Bandhan Bank has attracted positive attention from several brokerage houses following its robust performance in Q2, marked by significant profit growth and resilience in asset quality.

Jefferies initiated coverage with a “Buy” rating and a target price of ₹240. It noted a profit of ₹9 billion, reflecting a 30 per cent year-on-year increase that exceeded expectations. Jefferies highlighted the bank’s conservative cooling-off period, a high share of unique borrowers, and improved credit scores, which have collectively contributed to the quality of microfinance institution loans.

Macquariealso rated Bandhan Bank as “Outperform,” with a target price of ₹250. While the bank’s profit after tax missed estimates due to higher operational expenses, Macquarie pointed out that lower credit costs partly offset this. The firm remains focused on monitoring the bank’s stress pool, with management targeting credit costs of 1.8 per cent-2 per cent for FY25, and noted that the risk-reward profile appears favourable at a 1x FY26 price-to-book ratio valuation.

CLSA shared an “Outperform” rating with a target price of ₹240, emphasising that asset quality is better than anticipated.

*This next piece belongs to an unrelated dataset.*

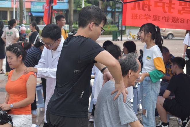 此次活动共分问卷、宣讲、摄影、义诊、后勤五个组。活动过程中,同学们各司其职。问卷组向路人发放有关急救知识的问卷调查表并收回;宣讲组充分发挥自己的所学知识,通过生动的方式,向周边的路人讲解了日常急救知识及技能;摄影组对各组的活动进行录制视频和拍照;义诊组为对周边路人进行测量血压、按摩;后勤组负责现场的布置,秩序管理以及一些善后工作。此次活动群众参与度极高,同学们的讲解和义诊获得了群众的一致好评。
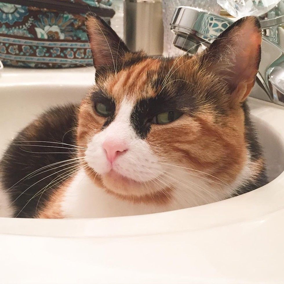 When she decides to chill in the sink, her human must wait.

With slippages remaining stable, CLSA expressed confidence in the microfinance segment and noted the bank’s proactive recognition of stress compared to peers over FY23 and FY24.

Nomura upgraded Bandhan Bank to “Neutral” with a target price of ₹180, acknowledging a steady performance in a challenging environment. However, despite healthy loan and deposit growth, they remained cautious due to the overall outlook for the MFI sector.

Kotak Institutional Equities reiterated a “Buy” rating with a target price of ₹250. They pointed to a healthy 30 per cent year-on-year earnings growth, driven by a 17 per cent increase in operating profit and a decrease in provisions. They noted slippages of 3.5 per cent and credit costs at 2 per cent, suggesting that early warning indicators suggest the bank’s portfolio could show resilience during this MFI cycle.